The pleasant surprises of 2015 so far: The Twins, the Rays, of course the Astros, and now we need to include the Blue Jays and the Rangers.  Of all those teams, Toronto appears to be the one with the most staying power but I keep writing off Houston and they keep proving me stupid.  For surprising ineptitude, the Athletics have now outdone the Marlins.  Less surprising is the nosedive by the 2013 World Champion Red Sox, who looked so good and smart then but now seem to be clueless with disciplinary problems.  Maybe they’ll be goofy enough to take Starlin Castro off the Cubs’ paws for Clay Buchholz or something.

Delusional Mets fans alert: their 10-21 road record is better than just one team, the Phillies.

And now, as they say on HBO, for a little basketball space.  It was really fun to see the Warriors be successful, if for no other reason than to prove that Charles Barkley just might have been wrong.  I followed their season mostly in the newspapers though because I just can’t watch NBA games.  I try but I can’t do it; it’s worse than American rules football: two, maybe three minutes of action followed by time out, foul, foul, time out, sell beer, sell Viagra, foul, time out.  I know that television executives love football and basketball because of all the interruptions but, as a convert to futbol (soccer), I really have become spoiled by 45 minutes of action, a halftime break, and then 45 minutes more action.  With some modest rule changes the NBA could become interesting enough to watch but it is never going to happen.  First, as in soccer, a team should never gain an advantage by committing a foul.  Loss of possession should be the only consistent result from fouls, with penalty kicks (free throws) for flagrant violations and yellow and red cards for things like tackling a player on his way to a goal or gouging someone’s eye out.

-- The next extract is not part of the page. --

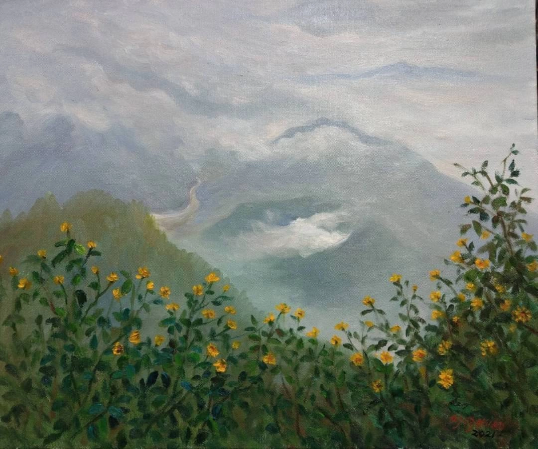 這幅畫作描繪了一個充滿夢幻色彩的自然景觀。前景中盛開的黃色花朵生機勃勃,與背景的山脈和雲霧形成鮮明對

When a player “fouls out”, he is not replaced.  Let’s play ball.  If people enjoy watching 7 footers clang free throws, no wonder they sell so much Viagra and beer.  Next, the three point circle has added drama to the game, so how about another circle?  This one should be maybe within three or four feet of the basket.  It would be a one point circle, suitable for dunks and layups.  I wonder how the Bread Truck would like that?  I think it would be fun.

It’s a rather consistent theme among corporate types to accept blame when mistakes have been made and assign that blame to middle management if blaming lower echelon workers doesn’t provide enough relief.  The latest example in the major leagues is the firing of Bud Black by the San Diego Padres.  The Friars tried to excite a flatulent fan base in the winter by acquiring outfielders more capable of power hitting, such as Justin Upton and Matt Kemp.  This didn’t really improve the team because, while these are honorable fellows and , indeed, good power hitters, they are not any longer what we pundits refer to as fleet flychasers and the Padres have a big yard. So, sorry, Bud.  Will Venable understands.